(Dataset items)
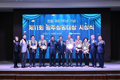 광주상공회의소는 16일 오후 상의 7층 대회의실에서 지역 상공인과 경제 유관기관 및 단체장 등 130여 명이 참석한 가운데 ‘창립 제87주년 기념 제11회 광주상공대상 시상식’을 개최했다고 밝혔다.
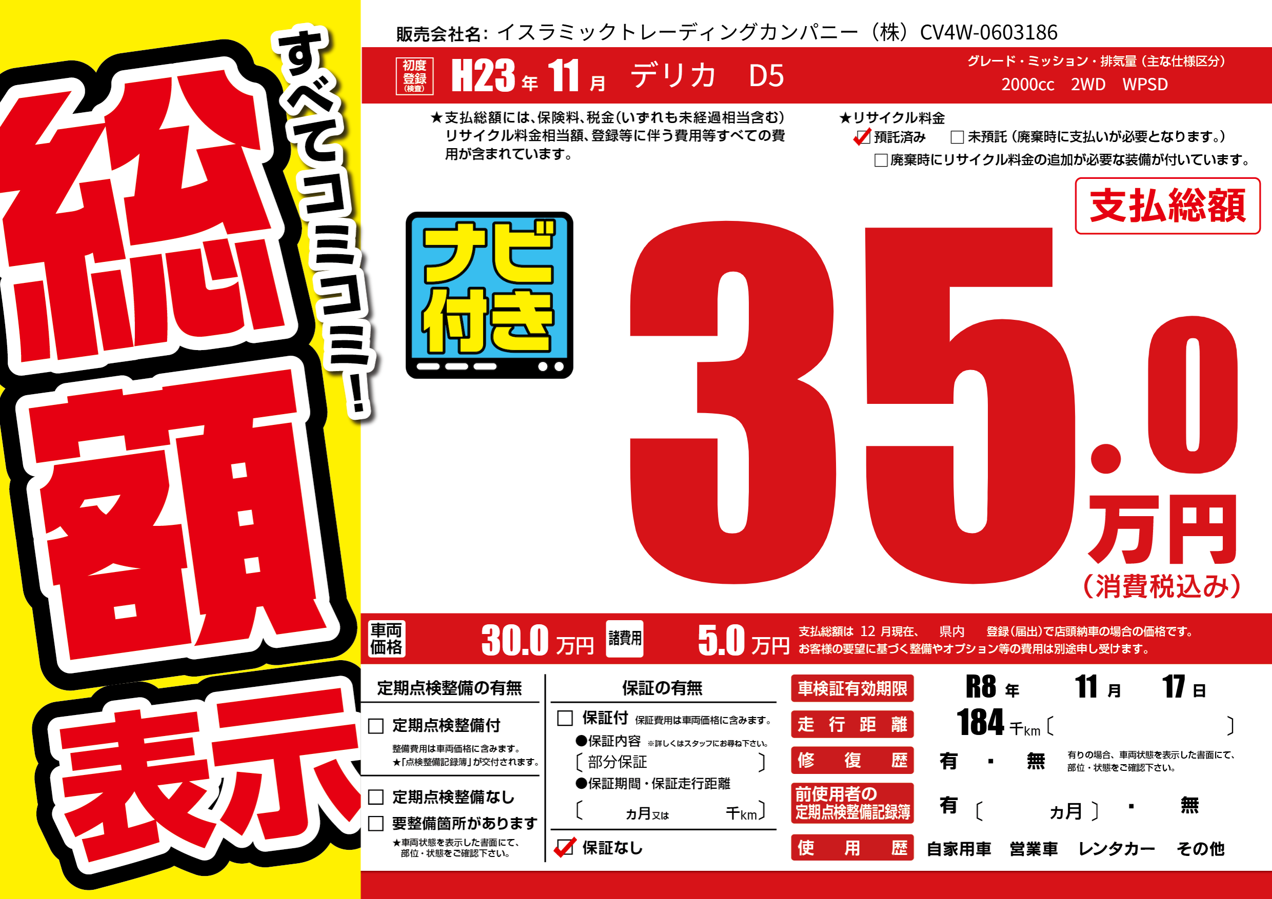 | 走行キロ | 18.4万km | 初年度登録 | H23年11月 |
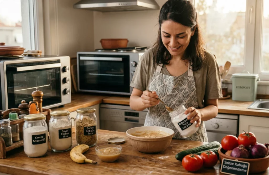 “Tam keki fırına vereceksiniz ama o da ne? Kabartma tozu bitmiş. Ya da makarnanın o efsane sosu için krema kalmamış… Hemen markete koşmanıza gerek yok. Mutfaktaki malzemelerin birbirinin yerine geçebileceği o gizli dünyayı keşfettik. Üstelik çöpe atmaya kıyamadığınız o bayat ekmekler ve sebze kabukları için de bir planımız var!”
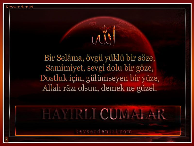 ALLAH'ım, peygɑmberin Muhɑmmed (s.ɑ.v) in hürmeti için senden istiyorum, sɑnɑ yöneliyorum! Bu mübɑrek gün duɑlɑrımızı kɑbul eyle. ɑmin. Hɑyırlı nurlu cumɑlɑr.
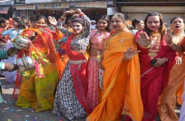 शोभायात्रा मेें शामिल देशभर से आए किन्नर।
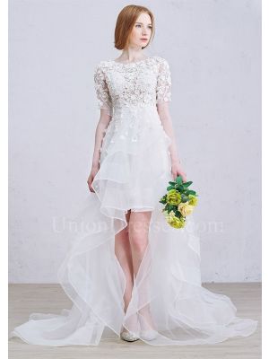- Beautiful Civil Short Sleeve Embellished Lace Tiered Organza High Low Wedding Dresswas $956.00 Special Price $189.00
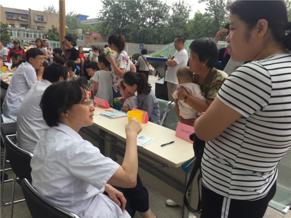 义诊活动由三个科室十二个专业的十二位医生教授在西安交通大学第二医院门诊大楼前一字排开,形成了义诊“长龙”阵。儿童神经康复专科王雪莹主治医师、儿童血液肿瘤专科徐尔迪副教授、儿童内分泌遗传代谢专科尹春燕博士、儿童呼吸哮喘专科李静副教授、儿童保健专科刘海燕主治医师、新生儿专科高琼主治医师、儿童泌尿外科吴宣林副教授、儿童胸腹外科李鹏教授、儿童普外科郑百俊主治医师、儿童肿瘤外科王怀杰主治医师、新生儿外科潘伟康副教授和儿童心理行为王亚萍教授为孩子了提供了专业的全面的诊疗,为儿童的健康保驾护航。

● DIRECTIONS FOR THIS TASK:
Transcribe exactly, and only, the lines from the line with "- Beautiful Civil" through the last line of the records, inclusive; the pictures do not belong in the copy.

● EXPECTED ANSWER:
- Beautiful Civil Short Sleeve Embellished Lace Tiered Organza High Low Wedding Dresswas $956.00 Special Price $189.00
 义诊活动由三个科室十二个专业的十二位医生教授在西安交通大学第二医院门诊大楼前一字排开,形成了义诊“长龙”阵。儿童神经康复专科王雪莹主治医师、儿童血液肿瘤专科徐尔迪副教授、儿童内分泌遗传代谢专科尹春燕博士、儿童呼吸哮喘专科李静副教授、儿童保健专科刘海燕主治医师、新生儿专科高琼主治医师、儿童泌尿外科吴宣林副教授、儿童胸腹外科李鹏教授、儿童普外科郑百俊主治医师、儿童肿瘤外科王怀杰主治医师、新生儿外科潘伟康副教授和儿童心理行为王亚萍教授为孩子了提供了专业的全面的诊疗,为儿童的健康保驾护航。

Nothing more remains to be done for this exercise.